Why AI needs Document Scanning

Document Scanning in action

An intellectual revolution is underway, set to transform knowledge-based professions just as profoundly as the Industrial Revolution reshaped manual work. As with that historic shift, companies that embrace change will thrive, while those that resist risk falling behind.

At the heart of this revolution is AI, specifically Large Language Models (LLMs). Tools like ChatGPT and its competitors are already proving their value, with industries such as law, consulting, and accounting integrating them into daily operations. However, professionals recognise that using the same publicly available AI as their competitors limits their ability to stand out. The real advantage lies in developing bespoke LLMs trained on company-specific data and expertise.

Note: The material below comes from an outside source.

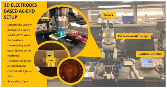 The electrodes were connected by their gold pads to a function generator (Agilent 33510B waveform Generator, Agilent Technologies, Santa Clara, CA, USA), and positioned under a fluorescence microscope equipped with a dual bandpass filter set (ET-FITC/CY3) and a 40× objective (Figure 2). A polydimethylsiloxane (PDMS) chamber of 0.4 mm thickness and 4 mm diameter aperture was placed on top of the electrodes to create a reservoir able to accommodate 15 µL of the bead solution (carboxyl functionalized Suncoast yellow fluorescent microsphere, average size 0.97 μm, ~2 × 109 beads per ml, dispersed in 1 mM of phosphate buffer saline (PBS)). The particle motion was captured on video by a camera (Blackfly S, BFS-U3-70S7C-C, 51 fps) connected on top of the microscope. The beads’ speed is estimated using NIH ImageJ and Trackmate plugin []. For biological assay experiments, 2D and 3D gold electrodes were first incubated with a 1-mM solution of cystamine dihydrochloride (Sigma Aldrich, St. Louis, MI, USA) for two hours []. After washing with de-ionized water and drying with nitrogen, electrodes were incubated in 3 mg/mL solution of EZ-Link sulfo-NHS-LC-biotin (Thermo Scientific, Waltham, MA, USA) in PBS for 3 h and finally washed with PBS to remove any unbound reagent []. Finally, the electrodes were incubated in a solution containing ~5 × 108 streptavidin-coated dragon green fluorescent microspheres of an average size of 1.04 µm (Bangs laboratories, Fishers. US), and ac-EHD parameters used for 2D and 3D devices were 100 Hz, 4Vpp. After that, the devices were washed with PBS, and imaging was carried out using a fluorescence microscope equipped with an FITC filter cube and a CCD camera (GS3-U3-91S6M-C, FLIR) for the excitation and imaging of the fluorescent beads.

Like any computer system, AI performance depends on the quality of its input—more precisely, the quantity and relevance of that input. The more data an LLM can learn from, the better its results. However, much of a company’s valuable knowledge may be locked away in non-digital formats such as paper documents, microfilm, or microfiche. Many organisations still rely on these legacy records, making them inaccessible to AI.

The solution is document scanning combined with Optical Character Recognition (OCR). By digitising archives, businesses unlock a wealth of historical knowledge, enabling AI to deliver more insightful, accurate responses. This not only enhances decision-making but also provides a crucial competitive edge.

By converting old archives into digital assets, companies can maximise the potential of AI—turning past knowledge into future success.